C. Lien Release Issues. When the project owner/developer makes periodic payments to
contractors (and thus also to subcontractors and suppliers), the owner/developer should obtain lien releases. A lien
release will help protect the owner/developer from liens being filed on the project by subcontractors that have not
been paid by the primary contractor. Such liens are undesirable because, once filed, they can delay or interfere
with the project’s financing or sale. They also generate litigation, in which a successful lien claimant is often
entitled to recover its attorneys’ fees in addition to the contractual amount due. Worse still, if a lien claimant is
successful, such a lien could be used to force the sale of the project, or part of it, which would further interfere
with the owner/developer’s plans for the sale or refinancing of the project. Many financing agreements will also
consider a lien a breach of the agreement.

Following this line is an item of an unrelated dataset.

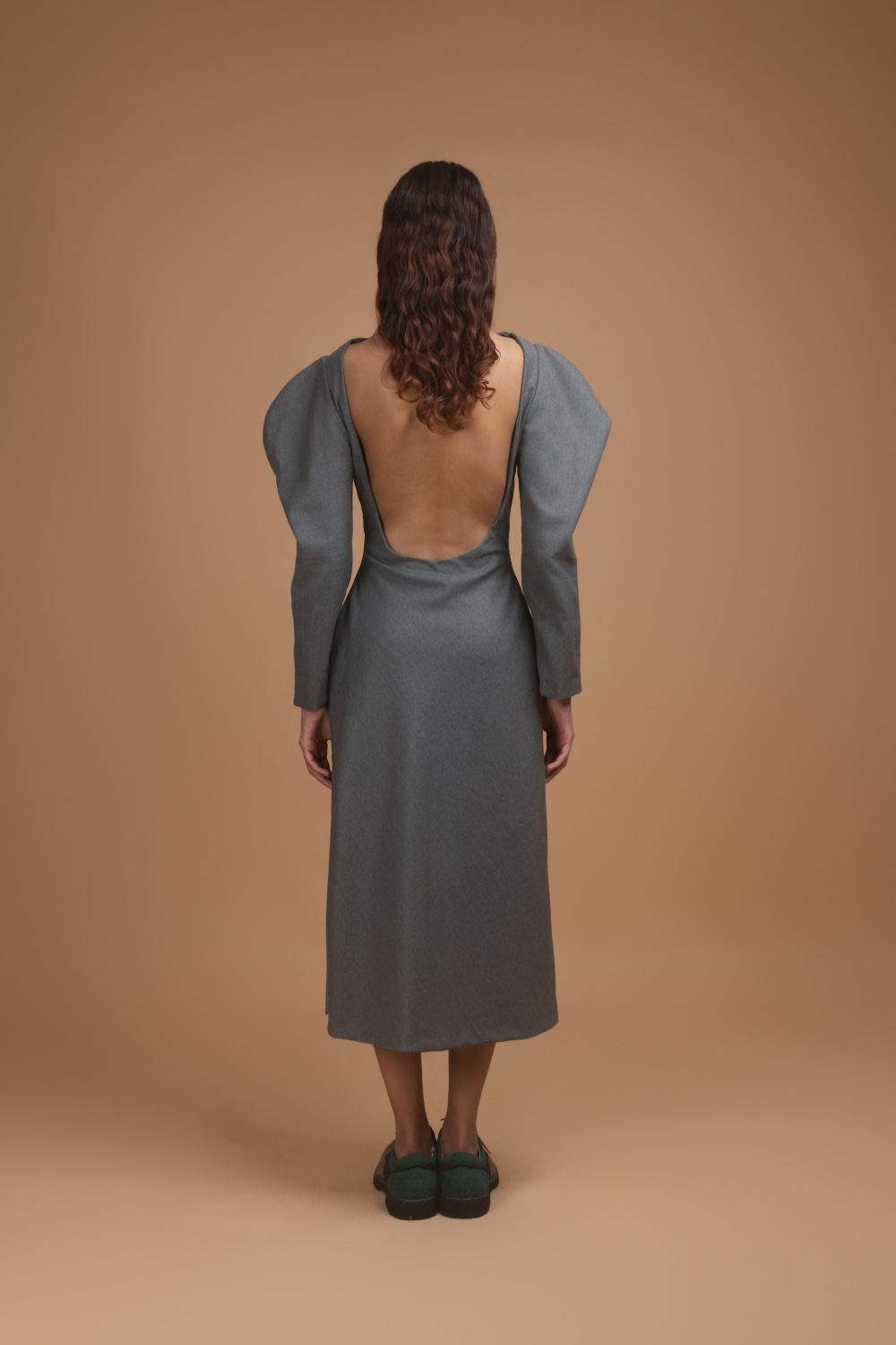 The Slate Solstice Dress is a striking balance of structure and sensuality. Crafted in a muted grey suiting fabric, it features sculptural, voluminous sleeves and a demure high neckline in the front, contrasted boldly with a dramatic open back. The dress speaks to a quiet power—sophisticated, sculptural, and unapologetically modern.

D. Insurance and Indemnity Issues. A project owner/developer should obtain appropriate


indemnities and insurance coverage from the various parties with which it contracts, and should require those
parties to obtain similar protections from their subcontractors and material suppliers for the benefit of the
owner/developer. Relevant indemnities include a general indemnity for personal injury, death, and property
damage claims, contractor and subcontractor lien indemnities, an indemnity for taxes (other than those payable to
the owner/developer), an indemnity for violation of applicable laws, and an indemnity for intellectual property
infringement claims. Appropriate insurance policies include commercial general liability, workers’ compensation
and employer’s liability, automobile, errors and omissions (for design and engineering services), and builder’s all-
risk (property insurance for the project improvements). Such policies should name the owner/developer and its
financing parties as additional insureds and contain appropriate waivers of subrogation. Appropriate policy limits
will vary with respect to the nature of the work being performed and the scope of the project. It is advisable for
an owner/developer to consult with an insurance or risk management specialist to ensure that appropriate types
and levels of coverage are obtained.

VI. Current Developments. As the industry has matured and market demands have accelerated because of
public interest in climate change, greenhouse gas emissions, and energy efficiency, relative bargaining positions
have changed significantly. A few short years ago, solar energy was prohibitively expensive technology for the
average commercial developer and for all but the environmentally committed individual home builder. Now,
with the combination of incentives, the influx of research and development aimed at making solar energy
financially feasible in all markets (including potential third-party financing and solar energy system leasing
programs), and robust expansion in solar energy technologies, the on-site solar energy market has expanded
dramatically. Now creative and experienced developers are working with new players and creative strategies to
implement on-site solar energy technologies in their developments—with great success.